START Supplied material

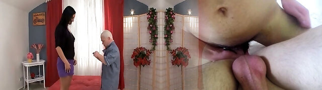 Tall ans leggy brunette hottie gets banged by a midget
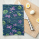 Watercolor violets on blue kitchen towel
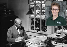 Thomas A. Jaggar, shown at his desk circa 1925, founded the Hawaiian Volcano Observatory in 1912 and served as its Director until he retired in 1940. Since then, volcano monitoring and research efforts in Hawaii have been guided by 19 scientists who have served as HVO's "Director" or "Scientist-in-Charge." In 2015, Christina Neal (inset) became HVO's most recent Scientist-in-Charge. USGS photos.
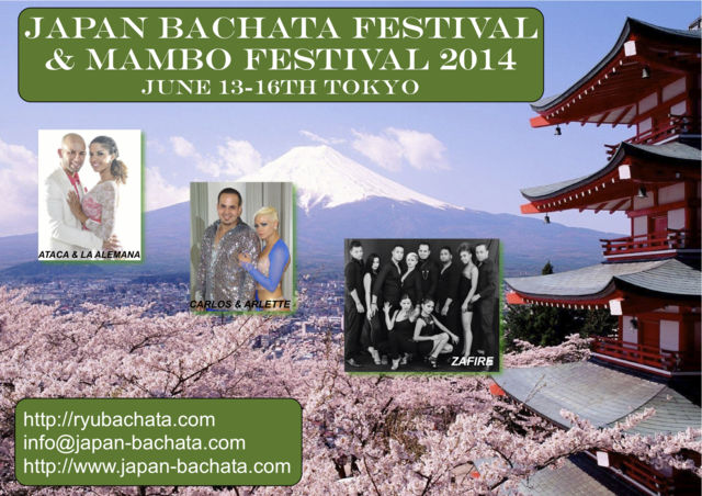 ¡ú5th Annual JAPAN BACHATA FESTIVAL & 2nd Annual JAPAN MAMBO FESTIVAL 2014¡ú ¢¡International Guest: -Jorge Ataca -Tanja La Alemana -Carlos Herrera -Arlette Guerra -Rodrigo Jimenez -Wendy Jimenez -Zafire -Seaon Stylist-Bristol -Alex Teodorescu -Saori Watanabe -Jorge Zubieta -Bangkok Touch ¢¡Schedule: ¡ü6/11(¿å)La Alemana Bachata Ladies WS @JBA ¡ü6/12(ÌÚ)Ataca & La Alemana Welcome Party @Caribe ¡ü6/13(¶â)JBF & JMF 2014 Pre Party @JBA ¡ü6/14(ÅÚ)Japan Bachata Festival 2014 @
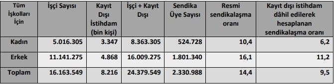 Kadınların sendikalara katılımı hâlâ düşük. Ocak 2023 verilerine göre, Türkiye’de kadınların sendikalaşma oranı yüzde 10,4 iken erkeklerde bu oran yüzde 16,1. Bu veriye kayıtdışı istihdam dahil edildiğinde, gerçek sendikalaşma oranı kadınlarda yüzde 6,2’ye, erkeklerde ise yüzde 11,2’ye geriliyor.
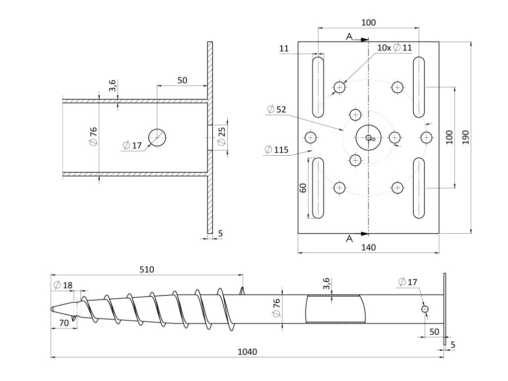Zemný vrut, stavebná pätka, 190 x 140 mm, žiarový pozink
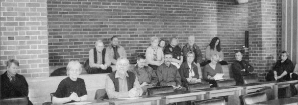 Säynätsalo-Seuran perustamiskokous pidettiin Mauri Toikkasen johdolla Kunnantalon valtuustosalissa 2004. Oikealta eturivissä Ritva Saarinen, Janne Vilkuna, Pirjo Sojakka, Mirja Helin, Kauno Lehtomäki, Olavi Mäenpää, Matti ja Mirja Rautjoki, Juhani Niinistö. Seuraavalla rivillä oik Ilona Ilmola, Kaarlo Kaltiala, Eija Sälekivi, Salme Punkka, Keijo Meronen. Takarivissä Tanja ja Erkki Peuranen. Kuva: Säynätsalon Sanomat.
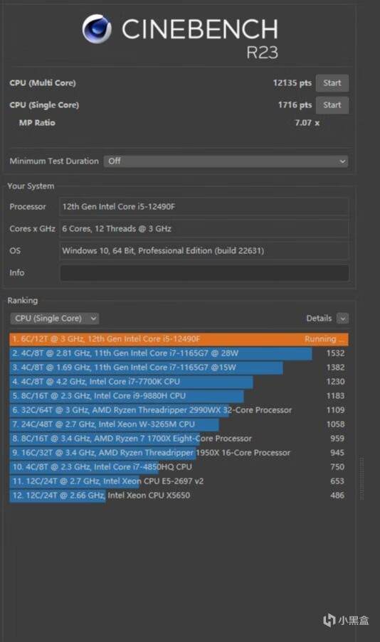 ▼跑個CineBench R23,單線程得分1716,多線程得分12135,分數都很高。
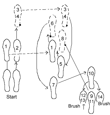 | 13 | quick | Swing left foot forward brushing ball of left foot next to right as you swing past. |
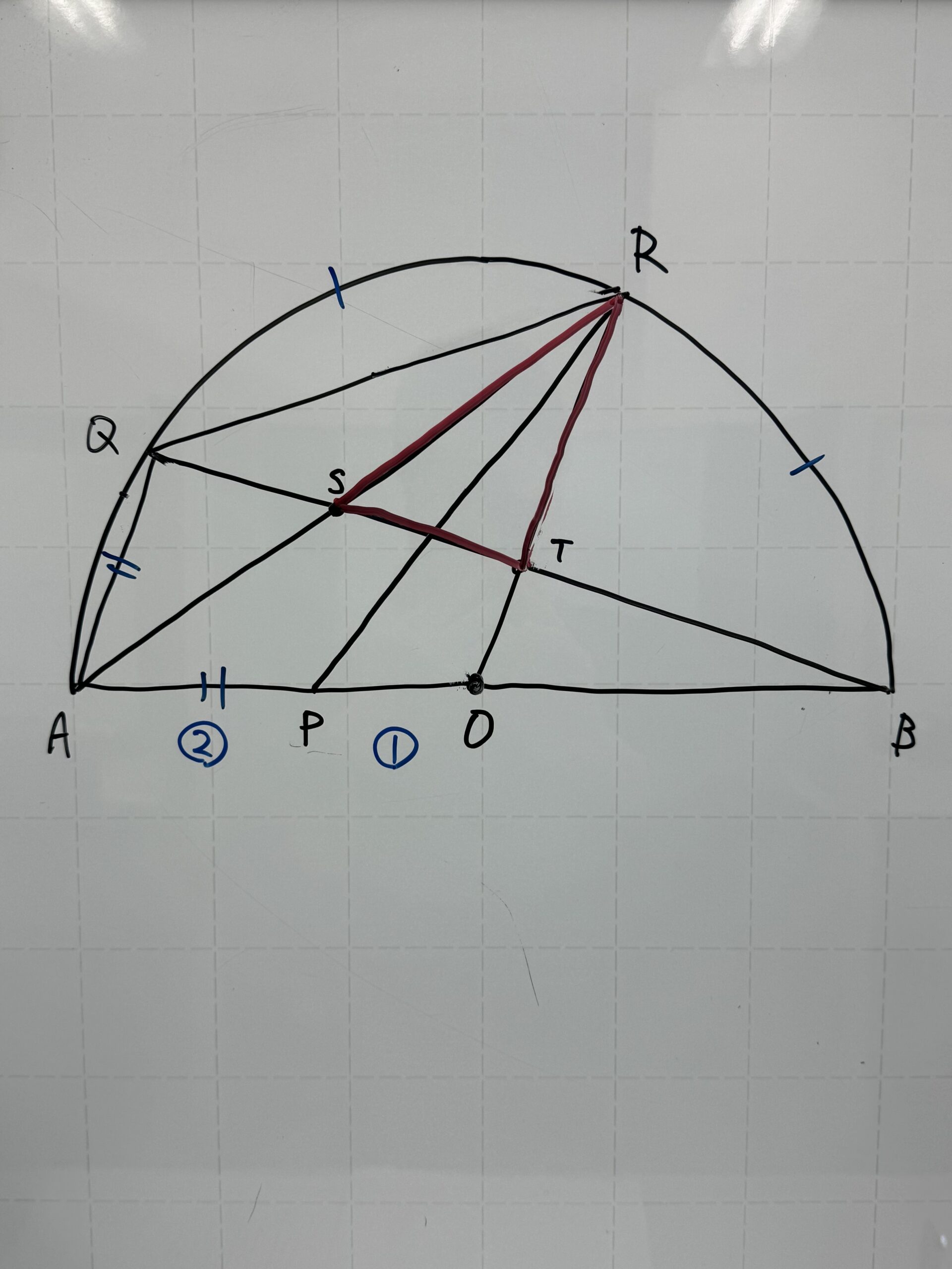 ②TO//QAとなり、△ABQに中点連結定理を使い、円の半径や1問前に証明した△APR≡△AQRを利用すると△AQS≡△RTS(赤い斜線部分)が導ける
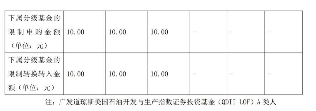 另外,广发基金决定,自2026年1月30日起,广发道琼斯美国石油开发与生产指数证券投资基金(QDII-LOF)人民币份额调整投资者单日单个基金账户申购(含定期定额和不定额投资)及转换转入本基金该类基金份额的业务限额为10.00元。
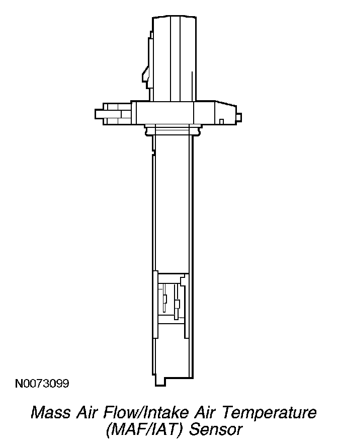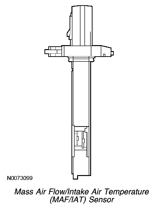 The IAT sensor provides air temperature information to the PCM. The PCM uses the air temperature information as a correction factor in the calculation of fuel, and ignition timing.
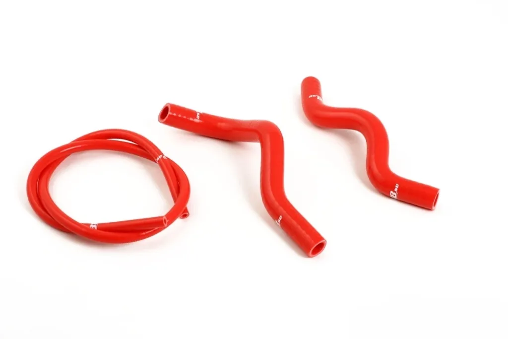 Slangarna är tillverkade av högkvalitativt silikon med tre till fem lager armering beroende på innerdiameter. Den robusta konstruktionen bibehåller form och funktion även vid höga temperaturer och tryck. Originalslangar i gummi spricker ofta med tiden på grund av uttorkning – detta kit eliminerar problemet helt. Färgval påverkar inte prestandan, men Rött utförande ger ett distinkt och sportigt intryck. För optimal installation rekommenderas matchande slangklämmor under fliken Tillbehör.
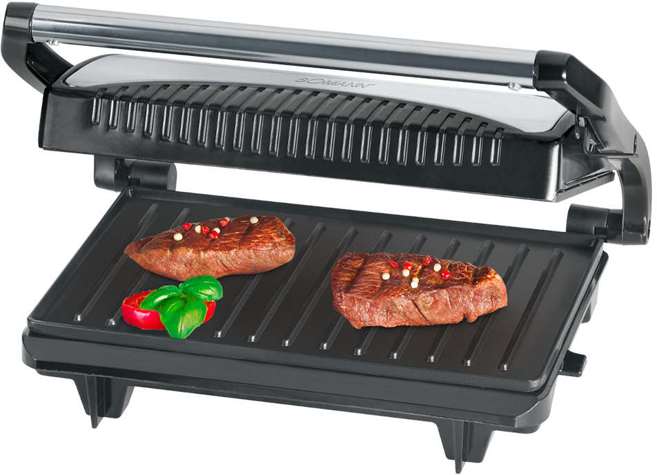Гриль прижимной Bomann 2251 СВ обеспечивает равномерное прожаривание продуктов без использования масла благодаря двум прижимным поверхностям. С помощью гриля можно готовить различные диетические блюда из мяса, рыбы или овощей.

END Supplied material

Reproduce the data word for word, excluding its pictures.

* _Expected answer_:
 Tall ans leggy brunette hottie gets banged by a midget
 Watercolor violets on blue kitchen towel
 Thomas A. Jaggar, shown at his desk circa 1925, founded the Hawaiian Volcano Observatory in 1912 and served as its Director until he retired in 1940. Since then, volcano monitoring and research efforts in Hawaii have been guided by 19 scientists who have served as HVO's "Director" or "Scientist-in-Charge." In 2015, Christina Neal (inset) became HVO's most recent Scientist-in-Charge. USGS photos.
 ¡ú5th Annual JAPAN BACHATA FESTIVAL & 2nd Annual JAPAN MAMBO FESTIVAL 2014¡ú ¢¡International Guest: -Jorge Ataca -Tanja La Alemana -Carlos Herrera -Arlette Guerra -Rodrigo Jimenez -Wendy Jimenez -Zafire -Seaon Stylist-Bristol -Alex Teodorescu -Saori Watanabe -Jorge Zubieta -Bangkok Touch ¢¡Schedule: ¡ü6/11(¿å)La Alemana Bachata Ladies WS @JBA ¡ü6/12(ÌÚ)Ataca & La Alemana Welcome Party @Caribe ¡ü6/13(¶â)JBF & JMF 2014 Pre Party @JBA ¡ü6/14(ÅÚ)Japan Bachata Festival 2014 @
 Kadınların sendikalara katılımı hâlâ düşük. Ocak 2023 verilerine göre, Türkiye’de kadınların sendikalaşma oranı yüzde 10,4 iken erkeklerde bu oran yüzde 16,1. Bu veriye kayıtdışı istihdam dahil edildiğinde, gerçek sendikalaşma oranı kadınlarda yüzde 6,2’ye, erkeklerde ise yüzde 11,2’ye geriliyor.
Zemný vrut, stavebná pätka, 190 x 140 mm, žiarový pozink
 Säynätsalo-Seuran perustamiskokous pidettiin Mauri Toikkasen johdolla Kunnantalon valtuustosalissa 2004. Oikealta eturivissä Ritva Saarinen, Janne Vilkuna, Pirjo Sojakka, Mirja Helin, Kauno Lehtomäki, Olavi Mäenpää, Matti ja Mirja Rautjoki, Juhani Niinistö. Seuraavalla rivillä oik Ilona Ilmola, Kaarlo Kaltiala, Eija Sälekivi, Salme Punkka, Keijo Meronen. Takarivissä Tanja ja Erkki Peuranen. Kuva: Säynätsalon Sanomat.
 ▼跑個CineBench R23,單線程得分1716,多線程得分12135,分數都很高。
 | 13 | quick | Swing left foot forward brushing ball of left foot next to right as you swing past. |
 ②TO//QAとなり、△ABQに中点連結定理を使い、円の半径や1問前に証明した△APR≡△AQRを利用すると△AQS≡△RTS(赤い斜線部分)が導ける
 另外,广发基金决定,自2026年1月30日起,广发道琼斯美国石油开发与生产指数证券投资基金(QDII-LOF)人民币份额调整投资者单日单个基金账户申购(含定期定额和不定额投资)及转换转入本基金该类基金份额的业务限额为10.00元。
 The IAT sensor provides air temperature information to the PCM. The PCM uses the air temperature information as a correction factor in the calculation of fuel, and ignition timing.
 Slangarna är tillverkade av högkvalitativt silikon med tre till fem lager armering beroende på innerdiameter. Den robusta konstruktionen bibehåller form och funktion även vid höga temperaturer och tryck. Originalslangar i gummi spricker ofta med tiden på grund av uttorkning – detta kit eliminerar problemet helt. Färgval påverkar inte prestandan, men Rött utförande ger ett distinkt och sportigt intryck. För optimal installation rekommenderas matchande slangklämmor under fliken Tillbehör.
Гриль прижимной Bomann 2251 СВ обеспечивает равномерное прожаривание продуктов без использования масла благодаря двум прижимным поверхностям. С помощью гриля можно готовить различные диетические блюда из мяса, рыбы или овощей.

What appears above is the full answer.